[Work instruction]:
Go to the line below that has "No; de charca.", print it and each line after it exactly, and stop after the line that has "TEPPANYAKI 10 GINZA [6F] 秋食材とキャビア添え 贅沢おまかせコース"; leave out pictures.

[Excerpted data]:
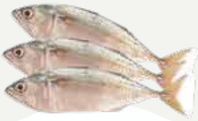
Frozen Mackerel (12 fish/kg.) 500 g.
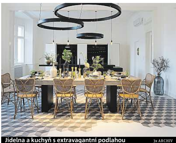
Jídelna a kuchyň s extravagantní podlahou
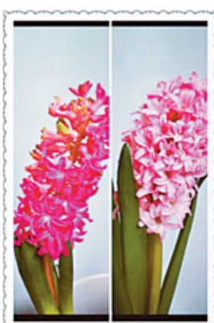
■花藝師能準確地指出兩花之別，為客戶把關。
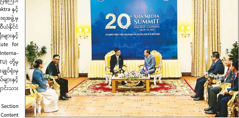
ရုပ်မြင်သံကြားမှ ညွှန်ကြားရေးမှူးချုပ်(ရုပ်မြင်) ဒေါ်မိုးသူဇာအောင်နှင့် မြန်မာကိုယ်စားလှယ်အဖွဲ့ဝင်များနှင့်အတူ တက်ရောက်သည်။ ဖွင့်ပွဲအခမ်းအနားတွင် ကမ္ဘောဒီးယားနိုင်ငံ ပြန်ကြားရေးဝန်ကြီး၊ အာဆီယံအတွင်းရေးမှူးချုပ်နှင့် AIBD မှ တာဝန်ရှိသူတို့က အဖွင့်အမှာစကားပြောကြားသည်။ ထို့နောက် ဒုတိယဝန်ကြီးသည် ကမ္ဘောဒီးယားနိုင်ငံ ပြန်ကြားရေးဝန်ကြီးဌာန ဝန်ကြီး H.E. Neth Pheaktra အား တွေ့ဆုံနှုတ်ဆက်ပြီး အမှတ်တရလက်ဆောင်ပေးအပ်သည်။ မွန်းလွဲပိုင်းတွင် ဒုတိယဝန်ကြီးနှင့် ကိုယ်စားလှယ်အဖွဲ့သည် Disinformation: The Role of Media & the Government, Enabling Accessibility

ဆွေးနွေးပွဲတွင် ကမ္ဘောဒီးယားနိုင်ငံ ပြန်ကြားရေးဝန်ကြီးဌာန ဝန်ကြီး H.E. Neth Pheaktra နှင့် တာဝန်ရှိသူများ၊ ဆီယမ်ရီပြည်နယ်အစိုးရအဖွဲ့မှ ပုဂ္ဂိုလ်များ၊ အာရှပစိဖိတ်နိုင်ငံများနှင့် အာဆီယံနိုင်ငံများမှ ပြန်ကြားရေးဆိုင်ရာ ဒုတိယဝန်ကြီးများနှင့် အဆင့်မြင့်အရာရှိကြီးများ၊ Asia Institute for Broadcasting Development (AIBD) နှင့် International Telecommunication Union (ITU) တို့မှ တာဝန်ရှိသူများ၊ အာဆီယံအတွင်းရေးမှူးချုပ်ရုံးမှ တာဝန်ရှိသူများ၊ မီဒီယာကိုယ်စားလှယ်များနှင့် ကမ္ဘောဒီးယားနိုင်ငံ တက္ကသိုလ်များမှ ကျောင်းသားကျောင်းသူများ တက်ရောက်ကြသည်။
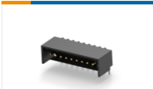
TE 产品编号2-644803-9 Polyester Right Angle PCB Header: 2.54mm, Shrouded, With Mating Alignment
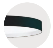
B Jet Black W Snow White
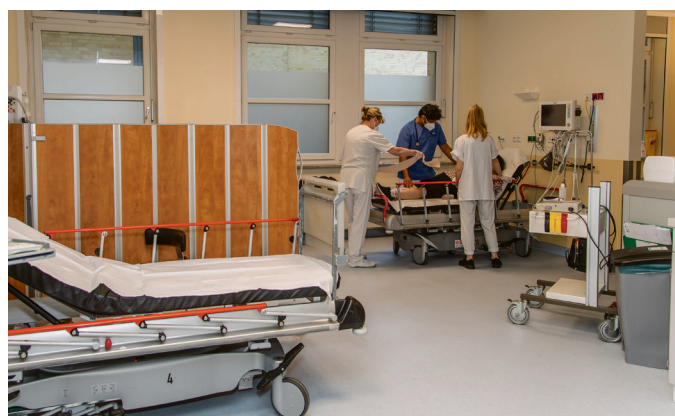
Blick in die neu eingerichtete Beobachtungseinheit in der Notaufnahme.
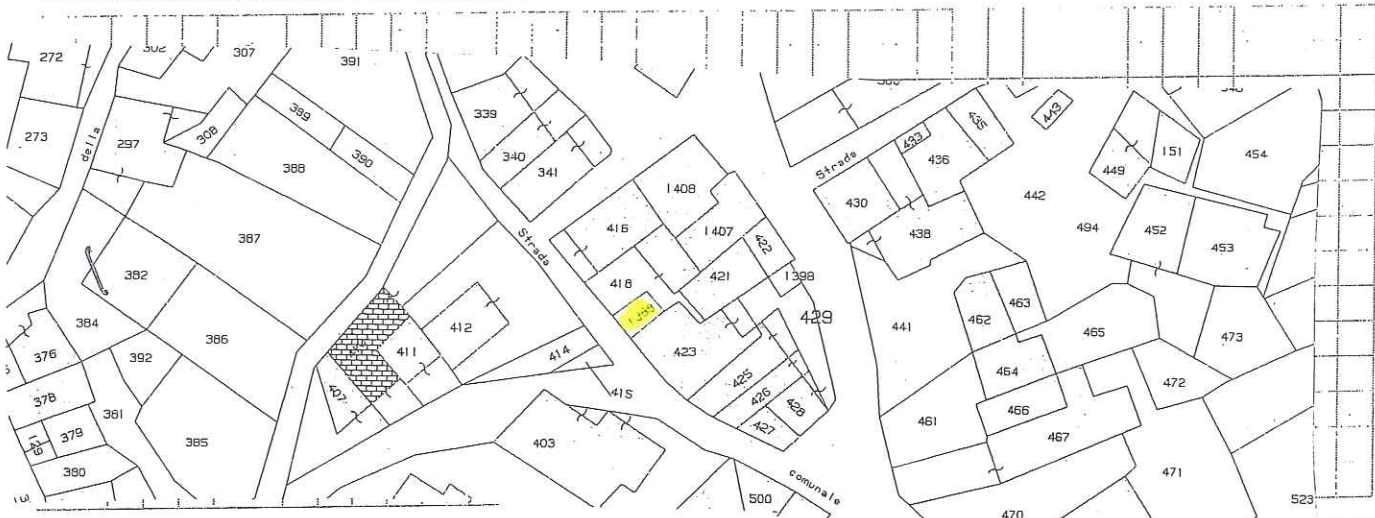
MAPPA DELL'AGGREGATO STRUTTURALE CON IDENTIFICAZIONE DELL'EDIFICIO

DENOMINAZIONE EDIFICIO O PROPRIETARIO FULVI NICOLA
--
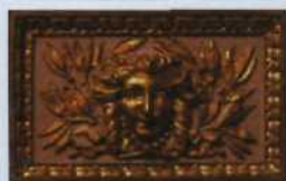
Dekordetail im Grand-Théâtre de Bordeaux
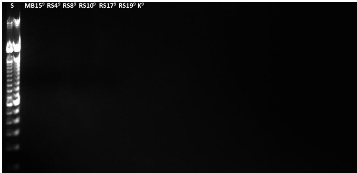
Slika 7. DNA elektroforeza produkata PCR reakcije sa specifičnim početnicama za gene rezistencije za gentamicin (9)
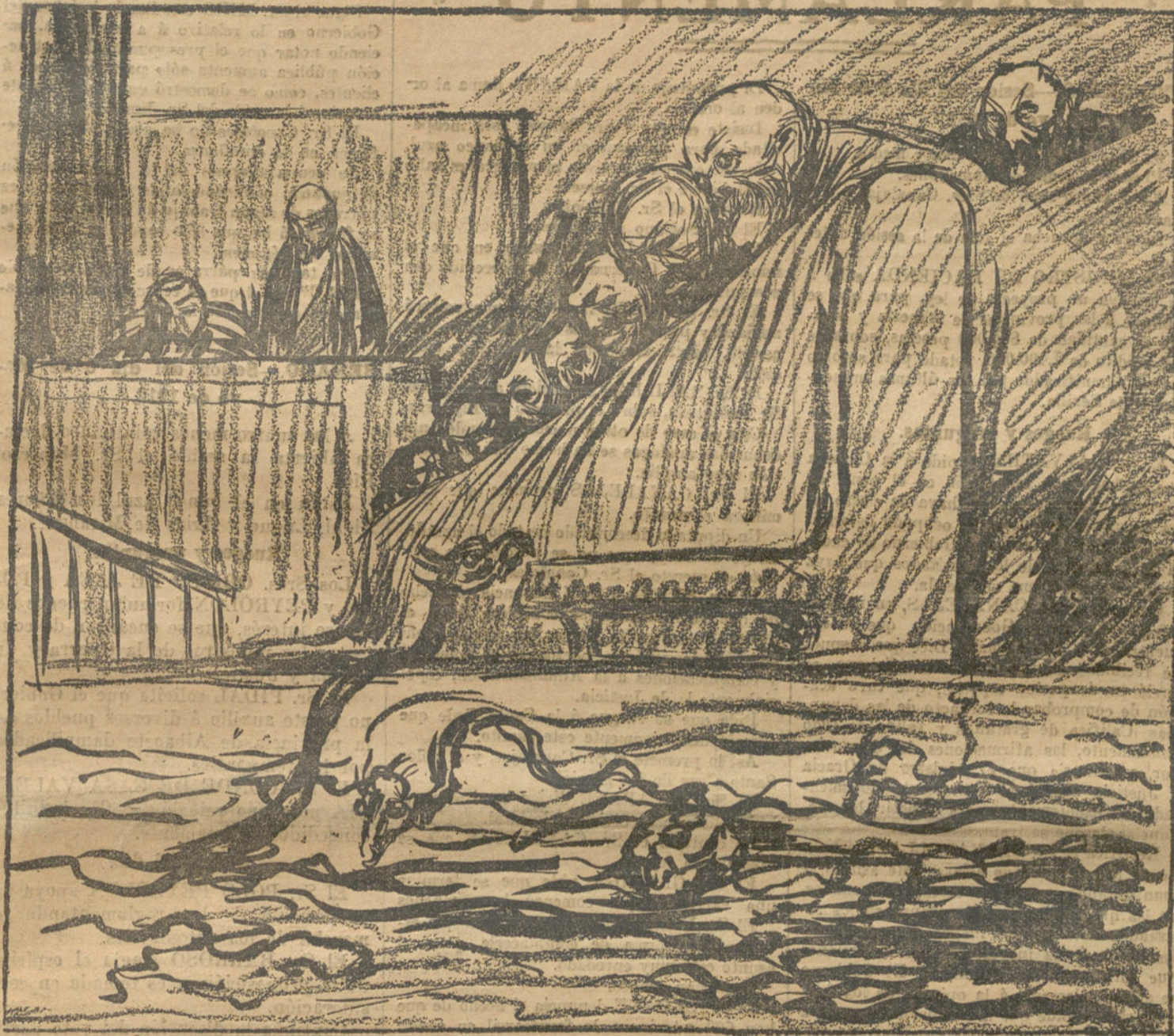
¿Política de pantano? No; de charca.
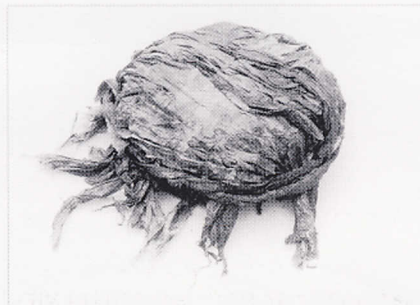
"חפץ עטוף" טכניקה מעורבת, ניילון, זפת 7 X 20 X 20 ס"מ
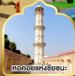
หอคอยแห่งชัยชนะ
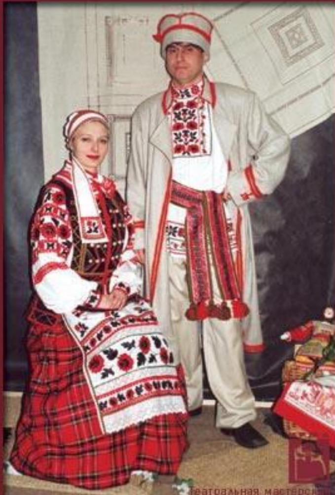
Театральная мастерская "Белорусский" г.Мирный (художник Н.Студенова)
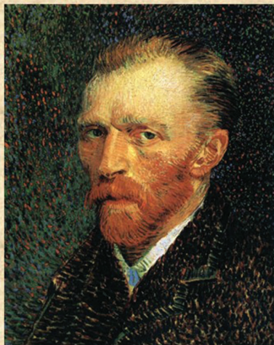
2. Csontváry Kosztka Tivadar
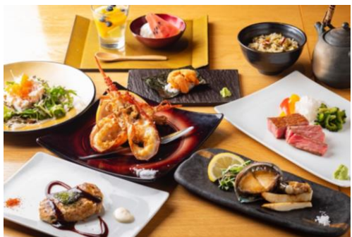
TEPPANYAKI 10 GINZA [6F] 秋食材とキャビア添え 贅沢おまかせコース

[Finished task]:
¿Política de pantano? No; de charca.
"חפץ עטוף" טכניקה מעורבת, ניילון, זפת 7 X 20 X 20 ס"מ
หอคอยแห่งชัยชนะ
Театральная мастерская "Белорусский" г.Мирный (художник Н.Студенова)
2. Csontváry Kosztka Tivadar
TEPPANYAKI 10 GINZA [6F] 秋食材とキャビア添え 贅沢おまかせコース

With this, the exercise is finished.